Ringraziamo molto Federico Faloppa per la sua disponibilità.
Secondo alcune fonti, nel mondo ci sarebbero oltre settemila lingue vive. In Europa le lingue parlate sarebbero quasi trecento, delle quali una trentina solo in Italia. Effettivamente, trenta lingue per l’Italia sembrano davvero tante, e molti infatti le «declasserebbero» quasi tutte a semplici dialetti. La distinzione tra lingua e dialetto è però tutt’altro che scontata, e resta comunque il fatto che la nostra penisola, come il resto del mondo, possiede una varietà linguistica sbalorditiva. Dunque, cos’è una lingua? Da dove viene questa abbondanza? In che cosa, linguisticamente, noi esseri umani siamo così diversi? E in che cosa, soprattutto, siamo simili? Queste sono solo alcune delle domande da cui prende spunto Federico Faloppa in questo libro, un vademecum per addentrarsi nei meandri della comunicazione verbale e dei suoi segreti.
di Alessandra Montesanto
La lingua è un elemento fondante dell’identità individuale e collettiva: questo può essere un fattore positivo e negativo, ad esempio in società multiculturali?

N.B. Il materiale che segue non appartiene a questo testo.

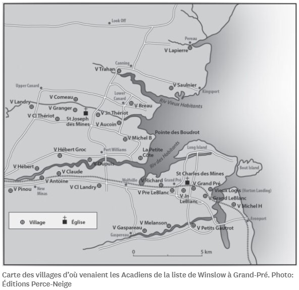 Grand Pre, le 13 septembre 1755. Ceci est pour certifier que la liste précédente, avec le nombre des Habitants, de leurs enfants, bétail, etc., ainsi que le nom de plusieurs villages, m'a été donnée par Francis Landry et par d'autres, entre leurs réunions, comme je les avais sommés de le faire, du 5 septembre à ce jour. L'original a été remis audit Francis Landry après que je l'aie transcrite dans mon livre, avec ce certificat dument signé. John Winslow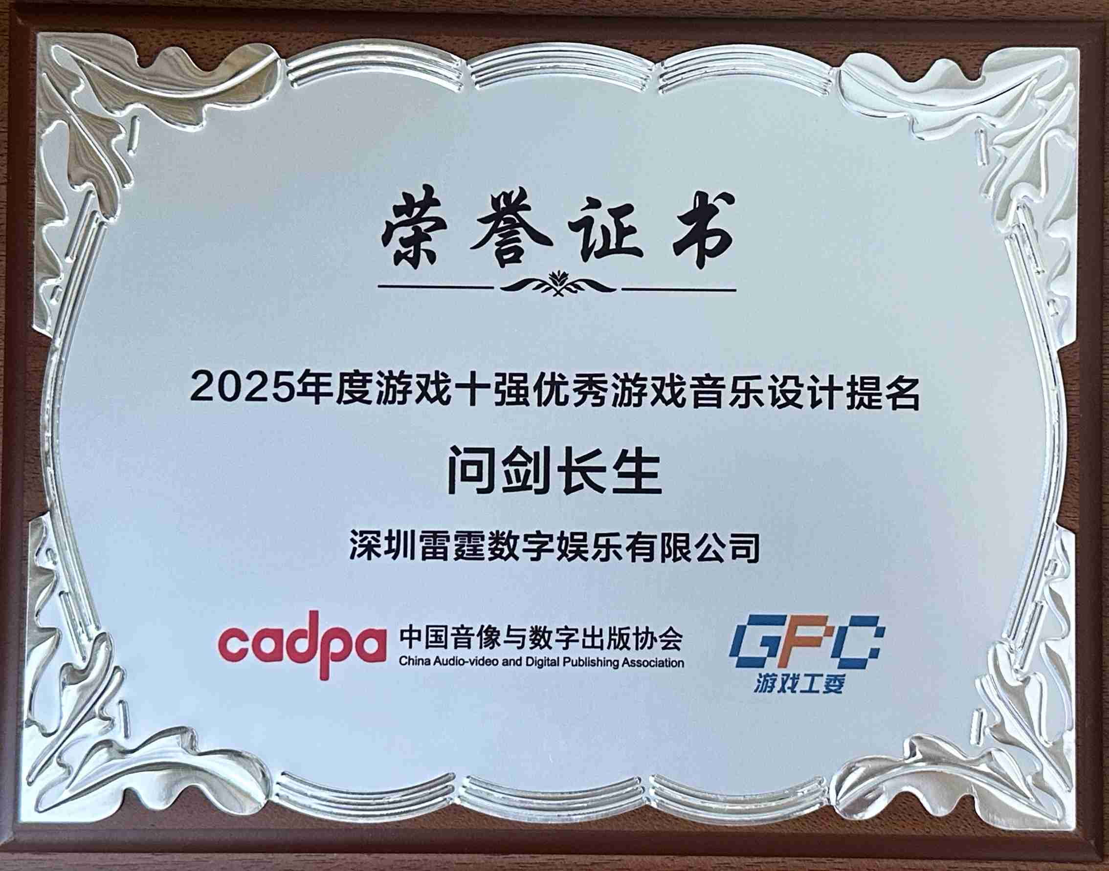公司坚持走精品化道路,,,,打造与时代精神相契合、、、、与海内外大众诉求相契合、、与创作实践相契合的游戏产品,,,,倡导构建具有中华文化特色、、、、弘扬中华美学精神的产品理念,,切实提升游戏文化内涵的传播力影响力。。如此次荣获“2025游戏十强年度优秀游戏音乐设计”提名奖的公司自研产品《问剑长生》以音筑境,,以乐传情,,,,其音乐融合东方传统韵味与现代审美,,,,构建独特听觉世界,,,,运用古筝、、、、笛子、、、、箜篌等传统乐器与现代管弦乐,,塑造灵动古风仙侠氛围。。。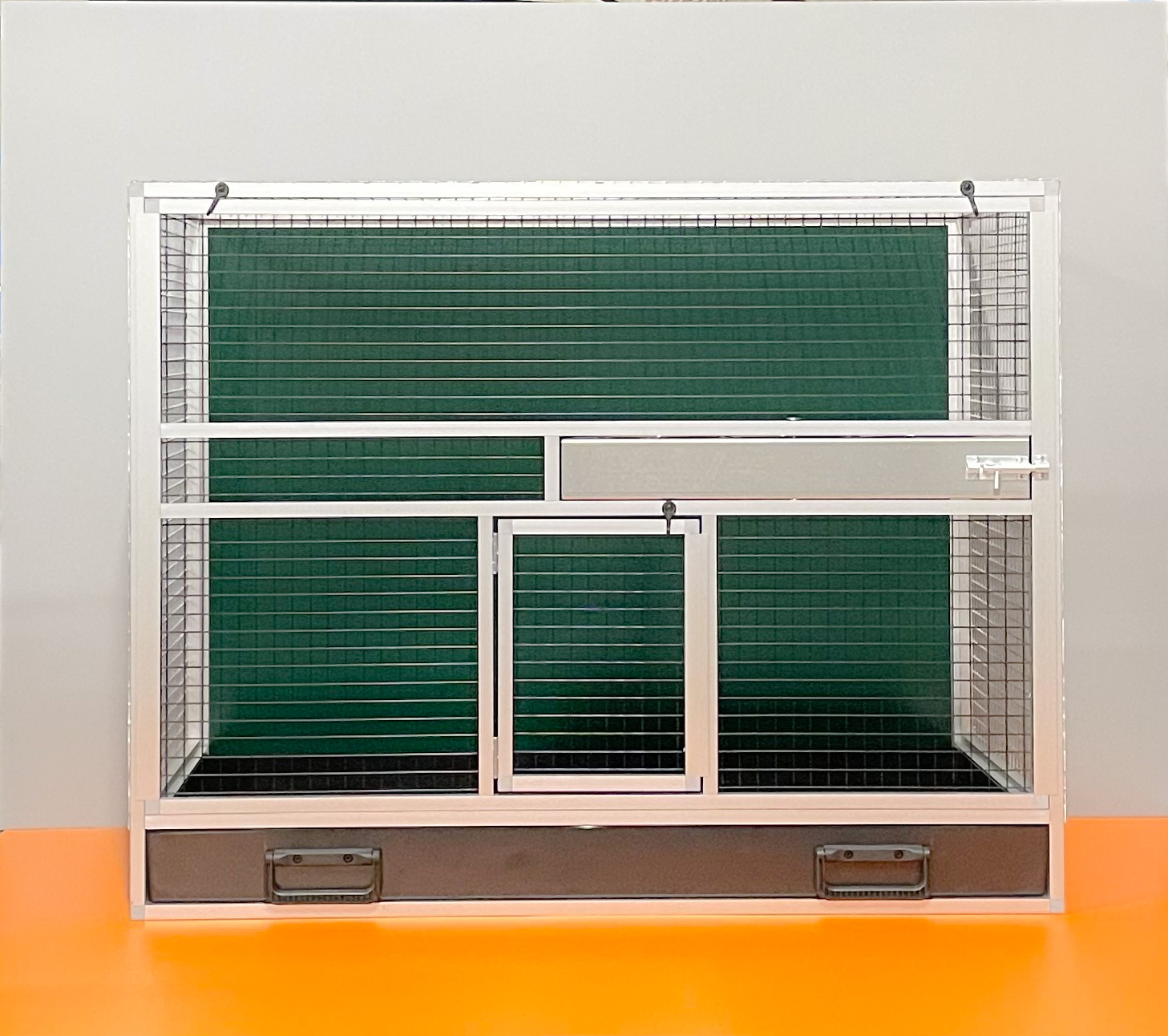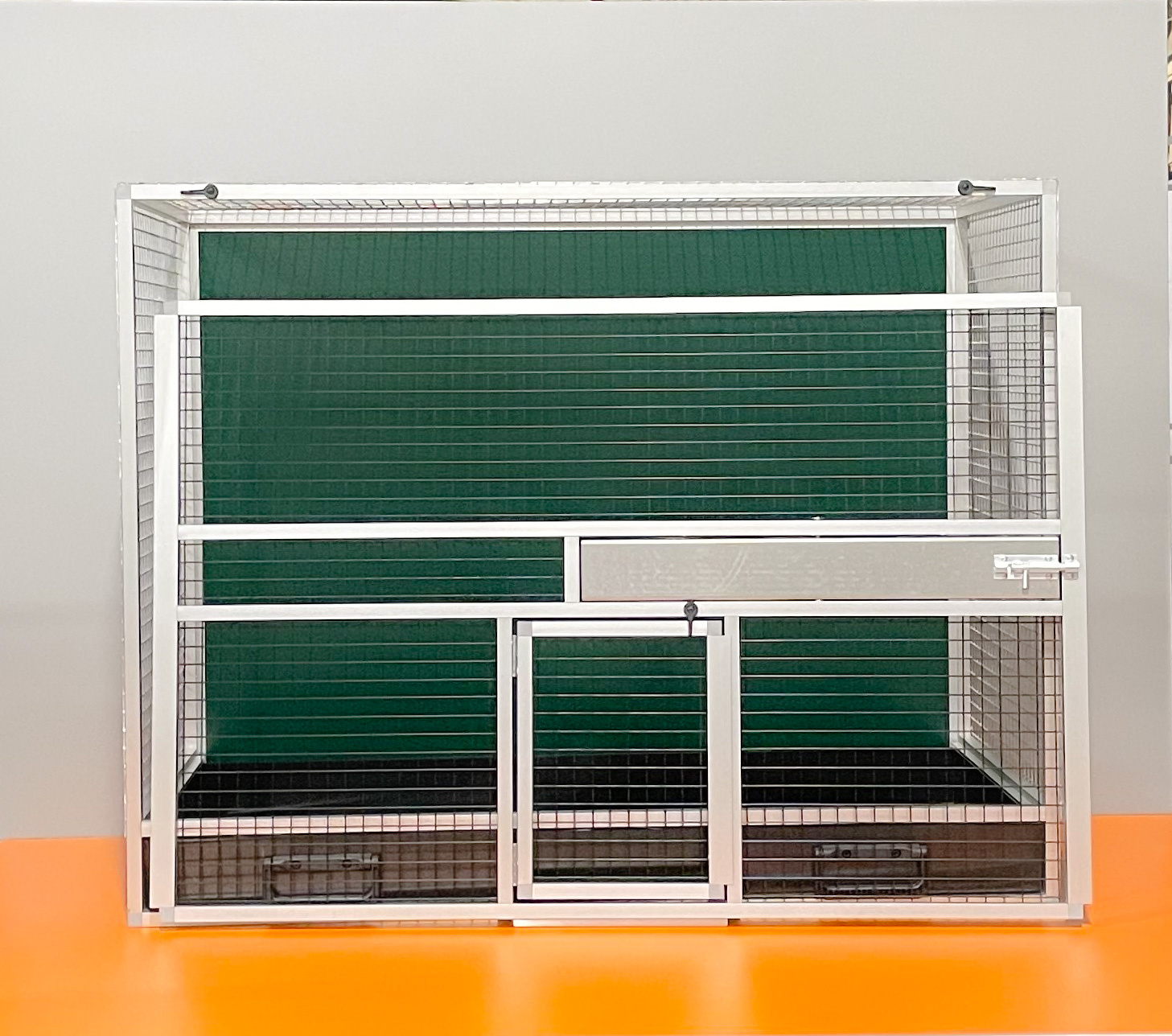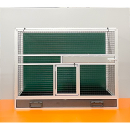 Bednová klec o rozměru šířka 99 cm, hloubka 50 cm a výška 78,5 cm má hliníkovou konstrukci tvořenou z profilu 15x15 mm s povrchovou úpravou stříbrný elox. Výplně klece jsou z hliníkového sendviče (hliník-plast-hliník). Jedná se o velice pevný a kvalitní materiál. Může být v barvě bílé, šedé, tmavě zelené a antracitové. Na přání i v barvě černé. Strop je potažen pletivem, na přání lze udělat strop plný. V přední stěně je umístěný otočný krmný pult u nás označený jako KMP03. Jedná se o krmný pult se třemi miskami o obsahu 0,35 l. Součástí klece není napáječka. Doplňky lze přiobjednat https://www.aluhobby.cz/ptactvo/doplnky-pro-bednove-klece/. Velkou předností této bednové klece je především nízká váha 14 kg a vysoká pevnost. Díky nízké váze a použitým materiálům se velmi snadno udržuje v chovu hygiena.

Come cerco di raccontare in Brevi lezioni sul linguaggio (Bollati Boringhieri), ci sono tanti fattori in gioco quando si parla di linguaggio (umano), e di lingue.
Intanto, c’è da considerare l’aspetto evolutivo. La nostra specie, Homo sapiens, forse ha avuto la meglio sulle altre proprio perché a un certo punto della propria evoluzione è stata capace di produrre e utilizzare un linguaggio più ricco e articolato – a partire dai suoni – in ragione di adattamenti, esattamenti, concause evolutive (ad esempio un apparato vocale fonatorio più sviluppato) e in presenza di funzioni e strutture sociali più complesse. L’acquisizione di questa nostra abilità, quella linguistica, ha certamente rappresentato un vantaggio sul piano evolutivo per la nostra specie. Diventando anche un tratto distintivo della nostra identità di esseri umani.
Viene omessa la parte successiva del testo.